Nur noch eine Altersgruppe Im Gegensatz zum frühern Jugendstrafrecht, das zwei Altersgruppen (Kinder von 7-14 Jahren und Jugendliche von 15-18 Jahren) unterschied, kennt das JStG nur noch eine Altersgruppe (von 10-18 J.). Obwohl die Klassifizierung nach Altersgruppen entfallen ist, besteht sie im Bereich der Strafen faktisch weiter: Weil Geld- und Freiheitsstrafen sowie längere persönliche Leistungen erst ab 15 Jahren anwendbar sind, kommen für Jugendliche unter 15 Jahren als Strafe nur der Verweis (evtl. mit Probezeit) oder die persönliche Leistung bis zu 10 Tagen in Betracht. In diesem Sanktionsbereich ist die Grundsatzfrage, wie weit bei Kindern überhaupt ein Verschulden vorliegen kann, ebenso vernachlässigbar wie die Problematik, dass das allfällige Vorliegen eines Verschuldens im Einzelfall gar nicht konkret geprüft wird.

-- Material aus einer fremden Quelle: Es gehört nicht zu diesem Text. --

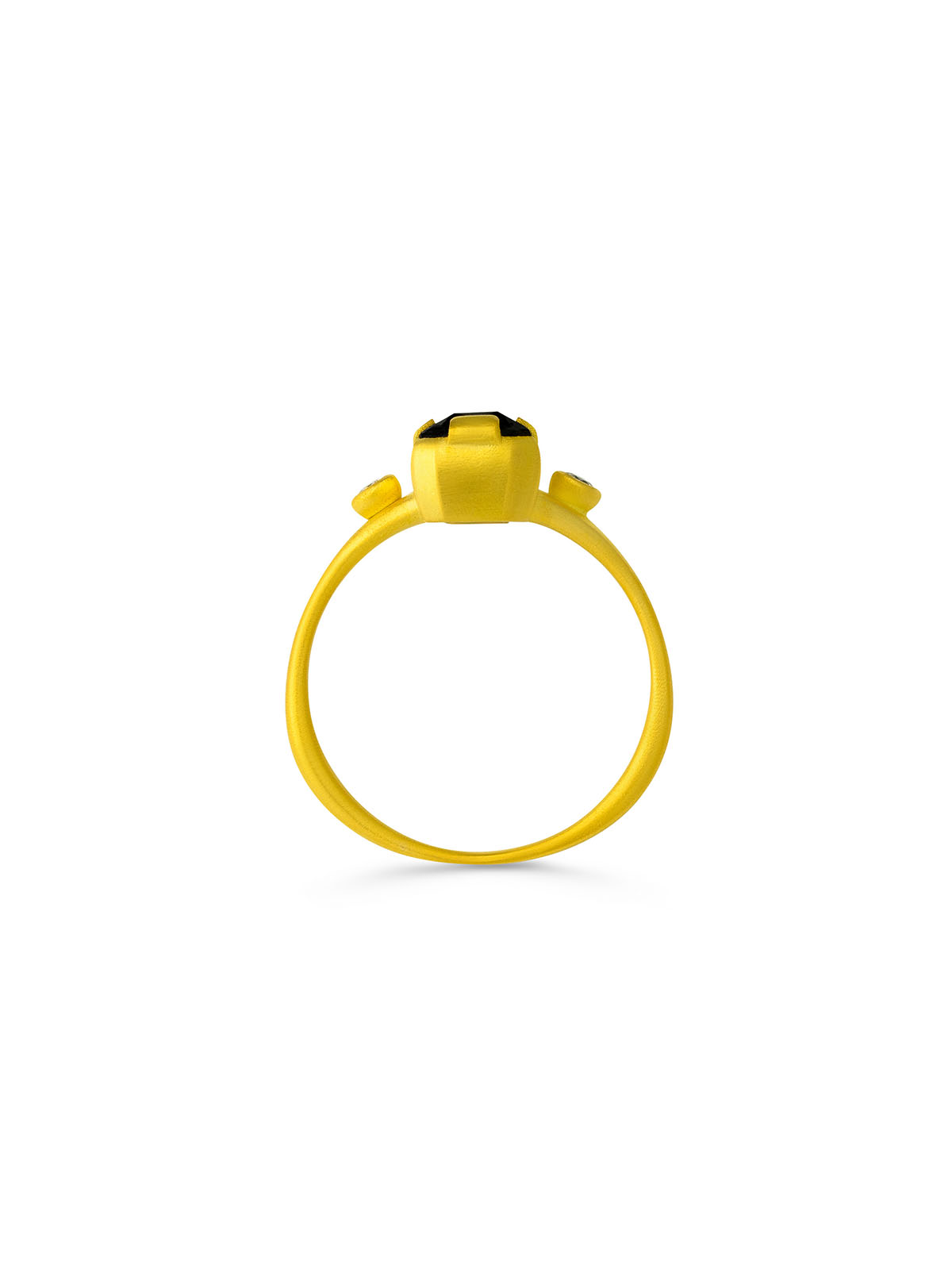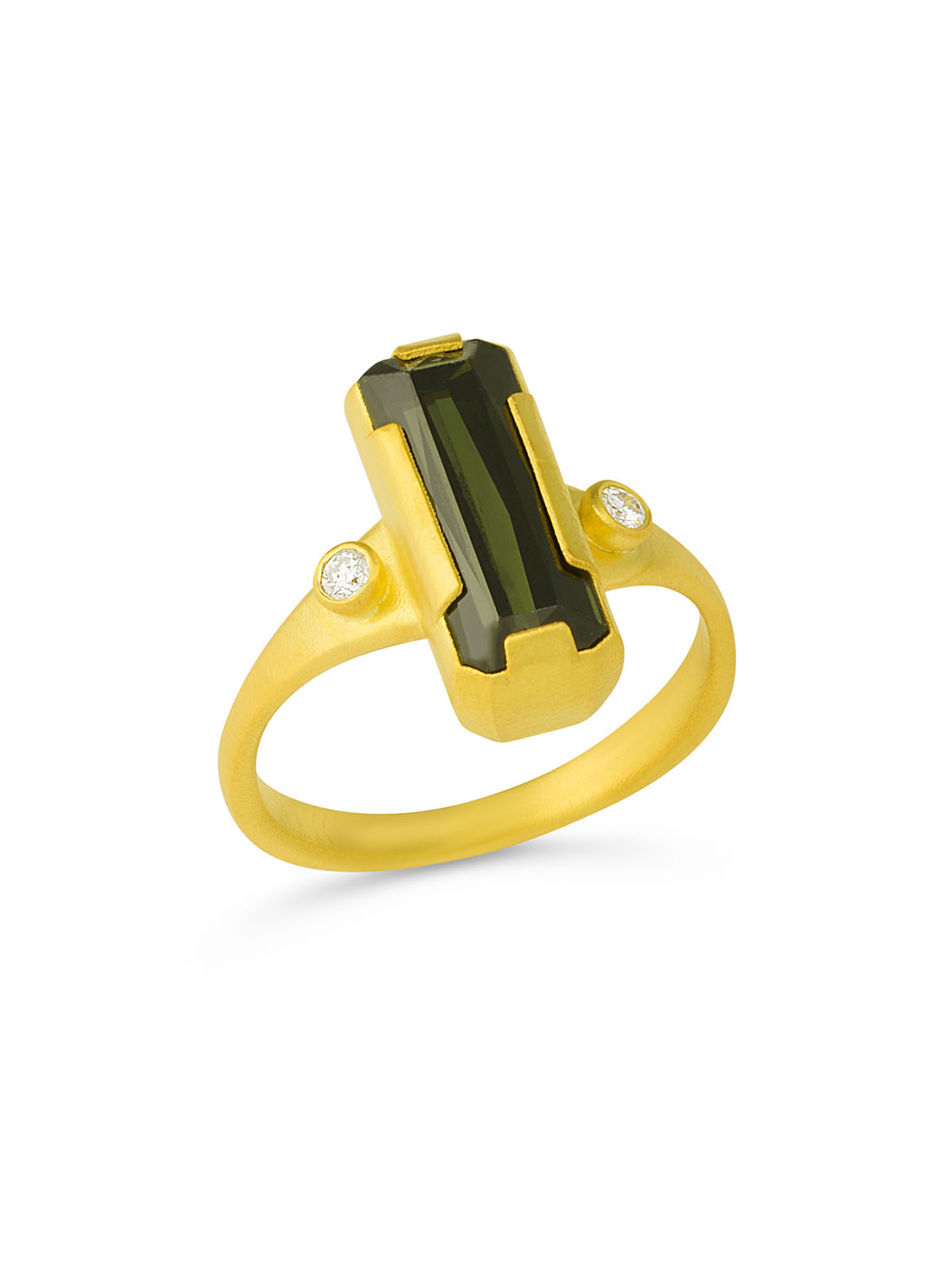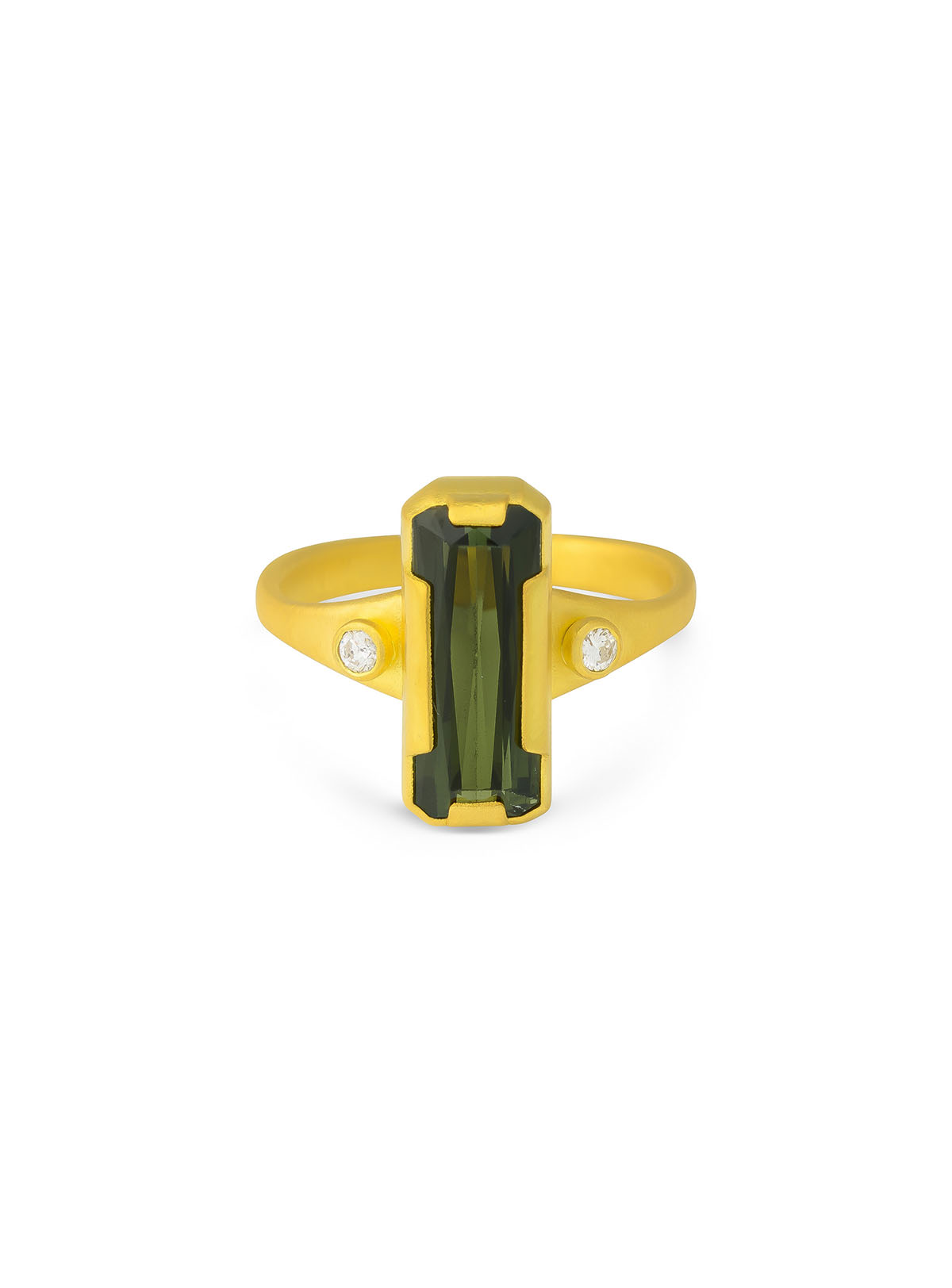 Add a scent of romance to your look by adorning your fingers with this gold ring. Featuring a rectangle shaped green tourmaline gemstone in a bezel setting with natural round cut diamonds on the sides for enhanced sparkling. Made from 18k solid yellow gold and matt finished. This ring is an everyday must, and definitely your affordable luxury choice.

Untergrenze 10 Jahre Kinder unter 10 Jahren sind nicht strafbar, d.h. es kann gegen sie kein Strafverfahren durchgeführt werden, selbst dann nicht, wenn sie im objektiven Sinn eine Straftat begangen haben. Ein solches Verhalten kann aber Anlass sein, um eine zivilrechtliche Kindsschutzmassnahme im Sinn von Art. 307 ff. ZGB zu prüfen, z.B. eine Beistandschaft oder einen mit einer Unterbringung verbundenen Obhutsentzug. Gemäss Art.4 JStG ist deshalb die zuständige Behörde in derartigen Fällen verpflichtet, die gesetzliche Vertretung zu benachrichtigen und, falls das Kind Hilfe benötigt, die Kindsschutzbehörde einzuschalten.

Obergrenze 18 Jahre Mit 18 Jahren beginnt Erwachsenenstrafrecht. Die Grenze zwischen Jugend- und Erwachsenenstrafrecht ist in der Schweiz in dem Sinne hart ausgestaltet, dass es keine Übergangsaltersgruppe gibt. Einzig im Massnahmenvollzug gibt es eine leichte Überschneidung, indem Jugendliche im Rahmen der Unterbringung gestützt auf Art.16 Abs.3 vom 17. Lebensjahr an in eine Einrichtung für junge Erwachsene eingewiesen werden können. Viele Länder kennen flexible Übergänge; z.B. kann in Deutschland das Gericht die 18- bis 21-Jährigen dem Jugendstrafrecht unterstellen, insbesondere wenn sie nach ihrer „sittlichen und geistigen Entwicklung noch einem Jugendlichen gleichstehen“, § 105 I Nr.1 JGG. Tatsächlich wenden die deutschen Gerichte für diese Altersgruppe häufiger Jugend- als Erwachsenenstrafrecht an. Auch der Europarat empfiehlt, Täter bis 21 Jahre dem Jugendstrafrecht zu unterstellen.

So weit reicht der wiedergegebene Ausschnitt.